## Data segment
= Beginning of Section =

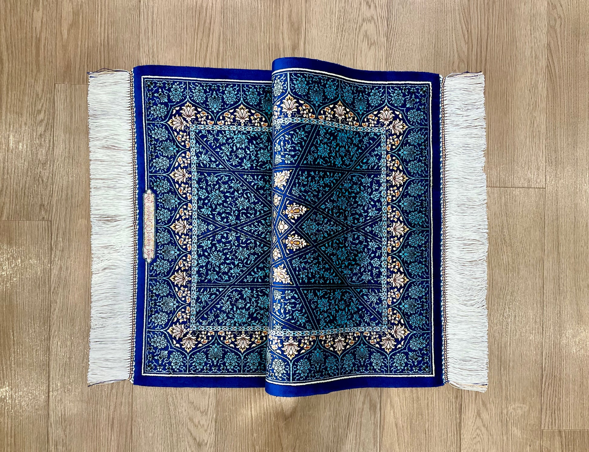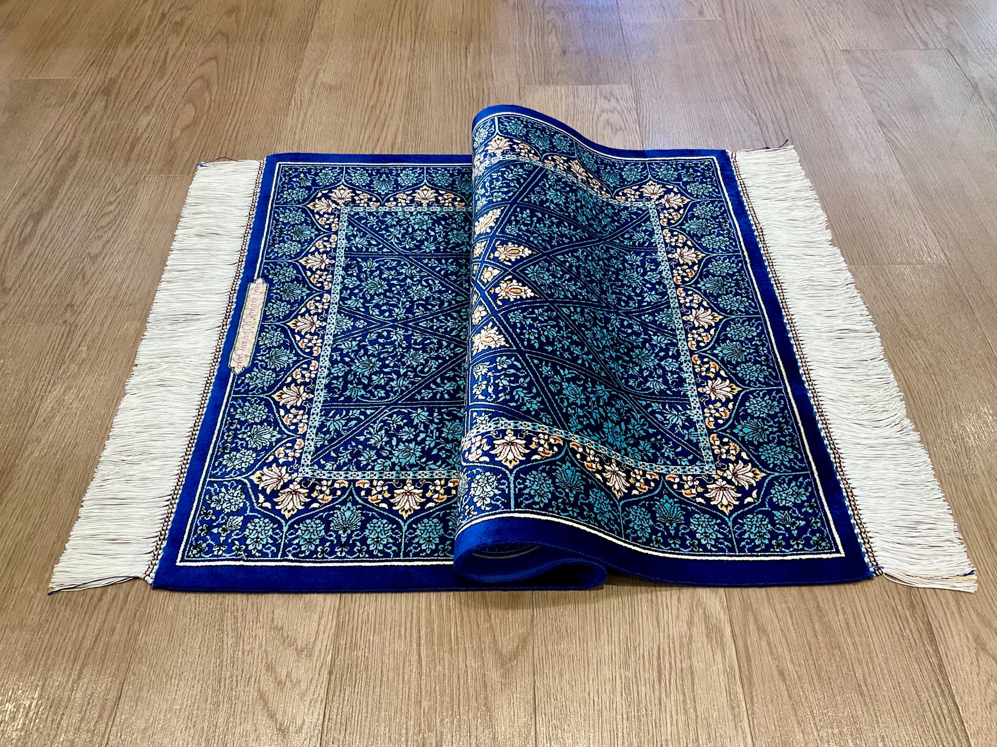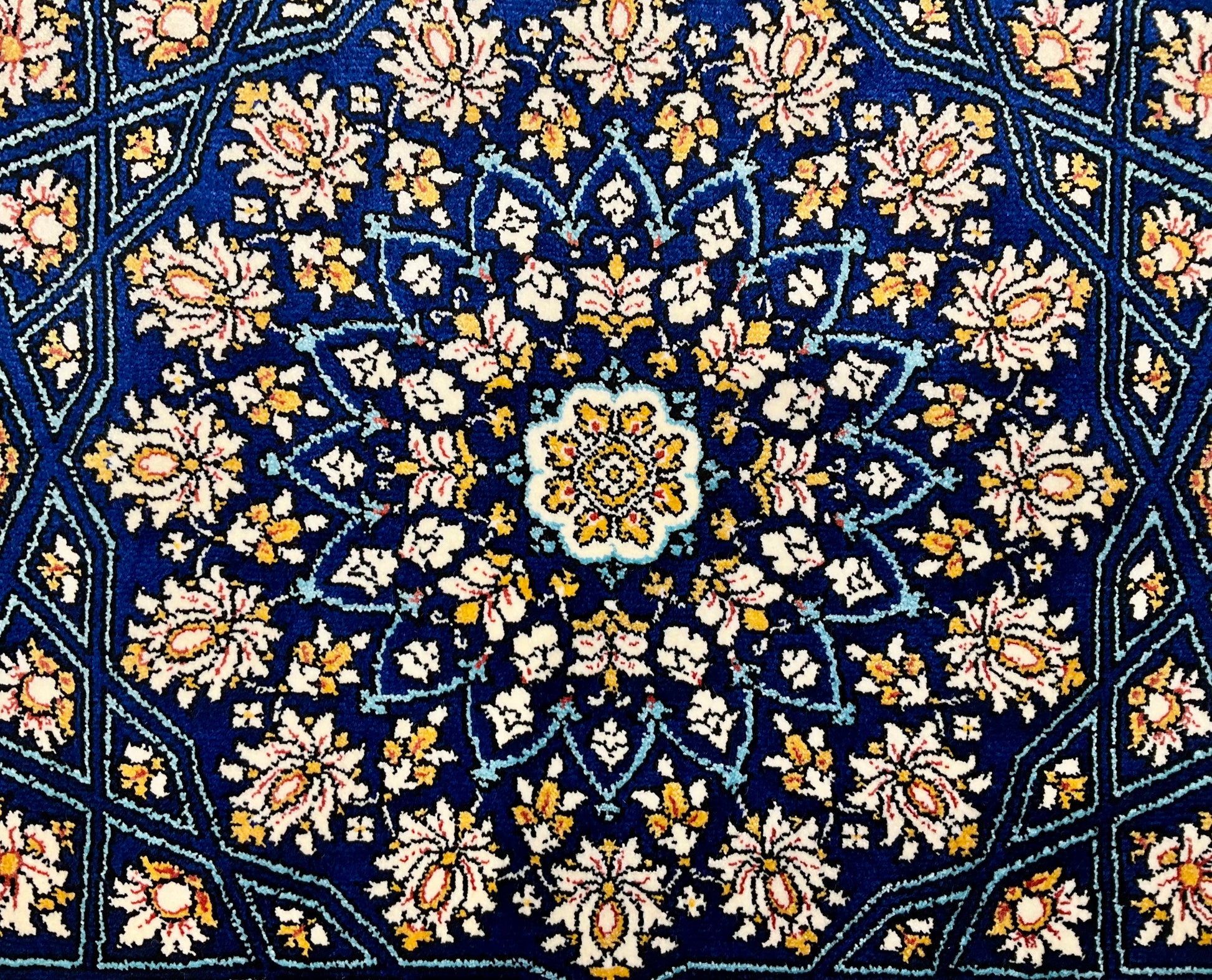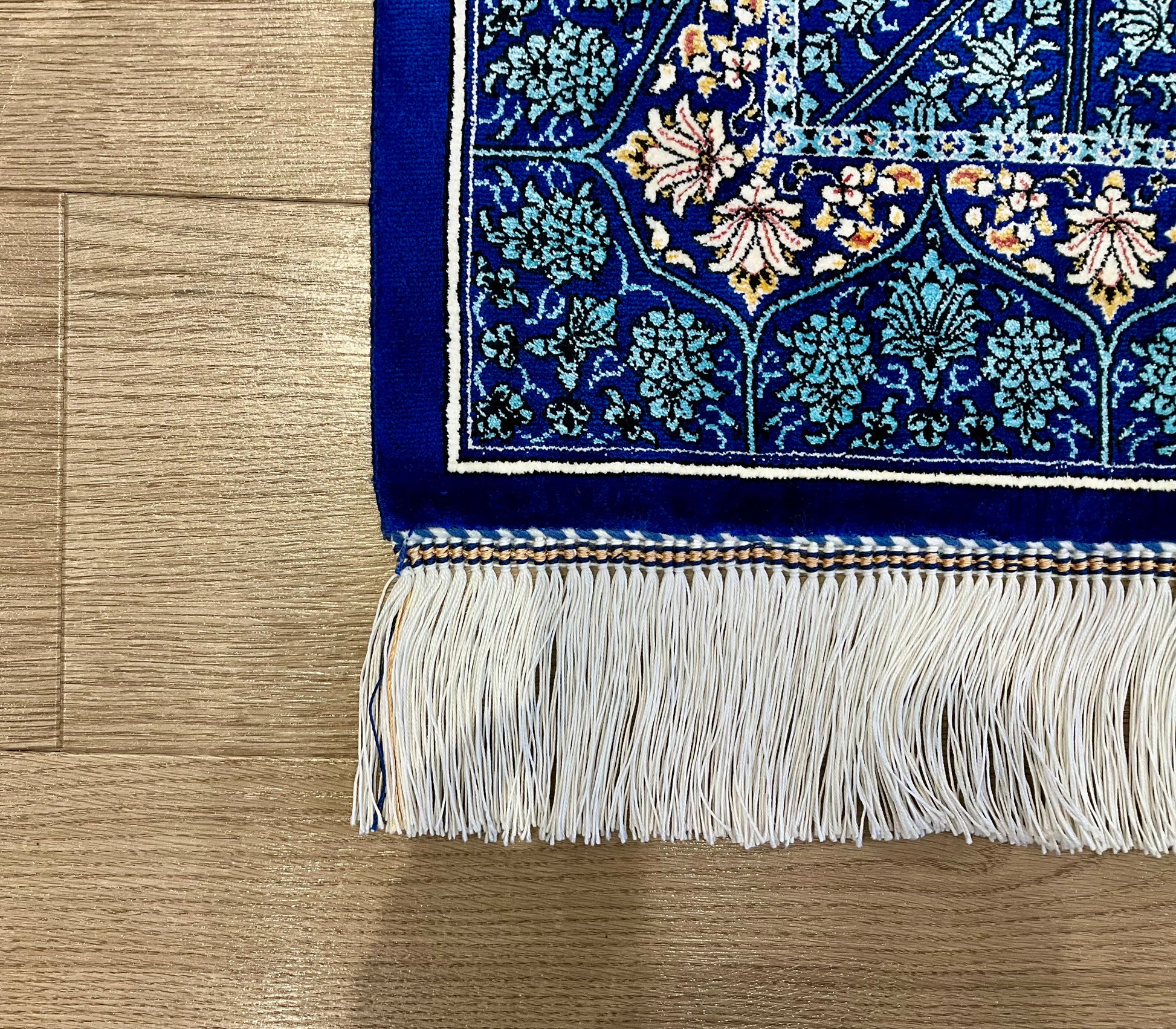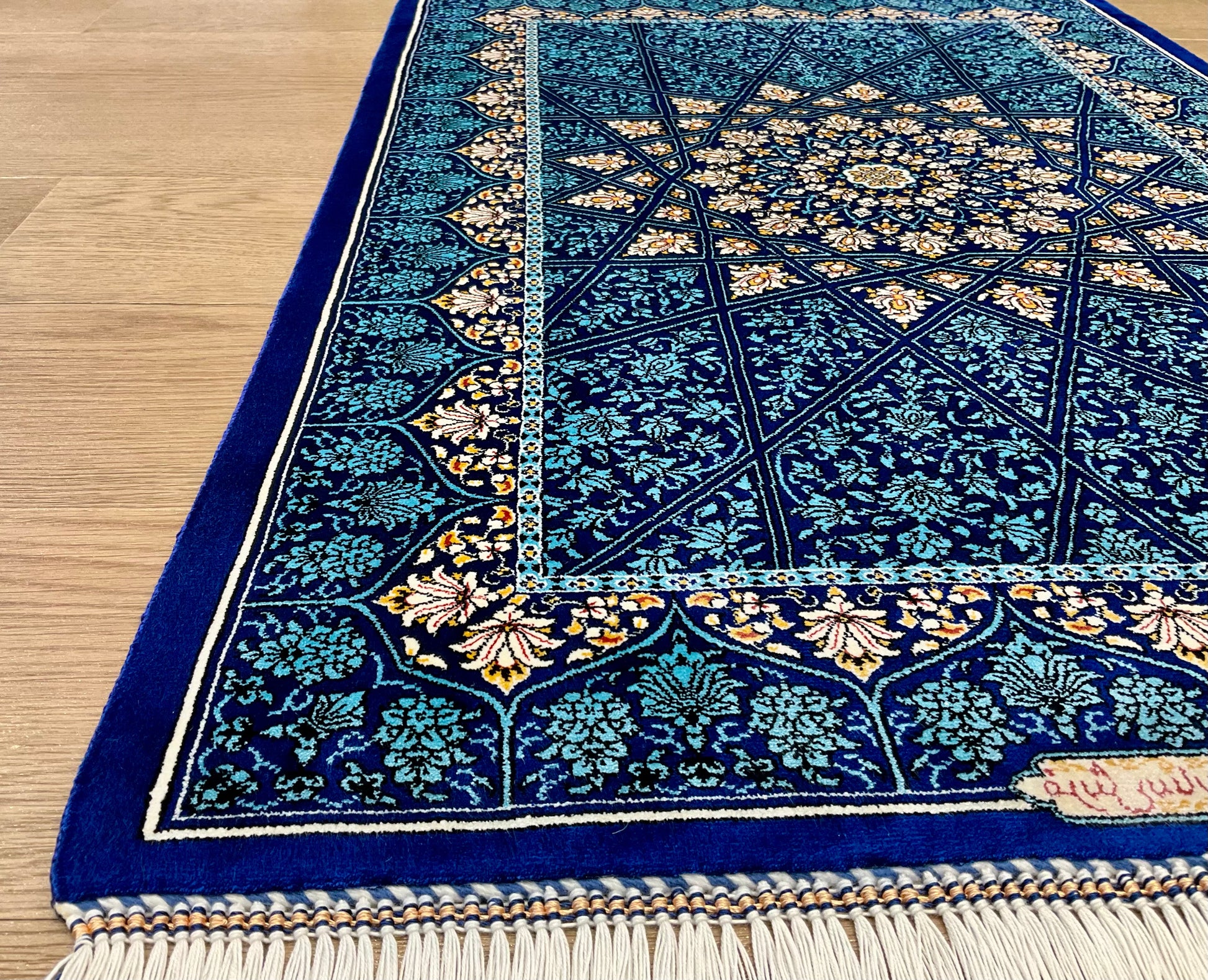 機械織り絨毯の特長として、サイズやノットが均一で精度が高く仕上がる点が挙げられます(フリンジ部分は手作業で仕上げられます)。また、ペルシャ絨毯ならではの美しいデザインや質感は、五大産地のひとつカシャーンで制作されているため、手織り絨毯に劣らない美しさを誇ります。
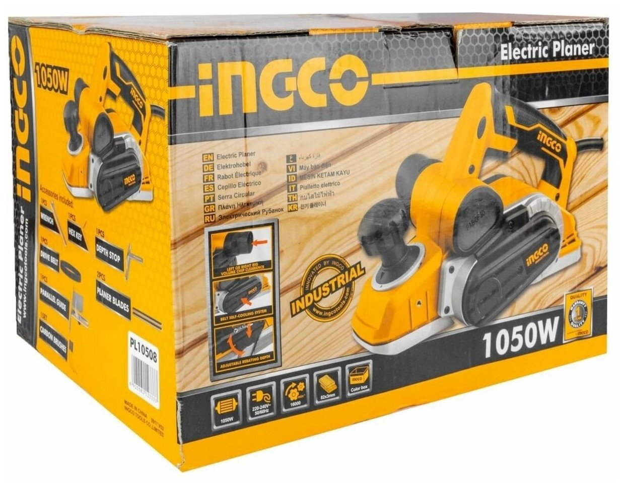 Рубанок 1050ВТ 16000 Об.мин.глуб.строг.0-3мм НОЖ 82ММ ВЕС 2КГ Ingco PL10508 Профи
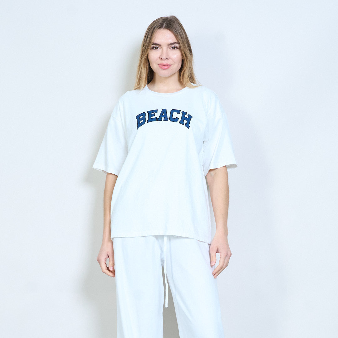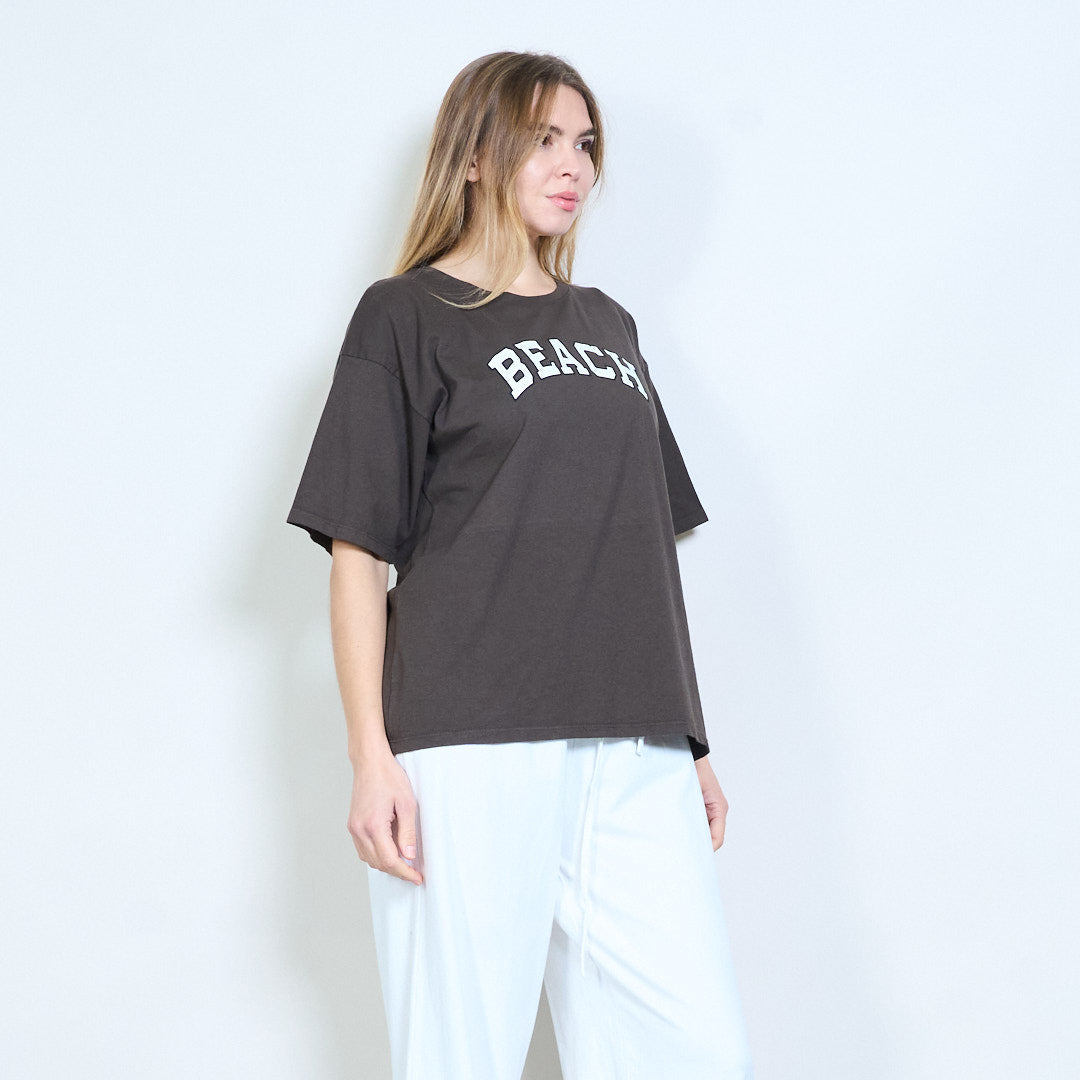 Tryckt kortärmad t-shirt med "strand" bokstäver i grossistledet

= End of Section =

Excluding the images, copy all of the material above verbatim.

## Solution to the exercise
 機械織り絨毯の特長として、サイズやノットが均一で精度が高く仕上がる点が挙げられます(フリンジ部分は手作業で仕上げられます)。また、ペルシャ絨毯ならではの美しいデザインや質感は、五大産地のひとつカシャーンで制作されているため、手織り絨毯に劣らない美しさを誇ります。
 Рубанок 1050ВТ 16000 Об.мин.глуб.строг.0-3мм НОЖ 82ММ ВЕС 2КГ Ingco PL10508 Профи
 Tryckt kortärmad t-shirt med "strand" bokstäver i grossistledet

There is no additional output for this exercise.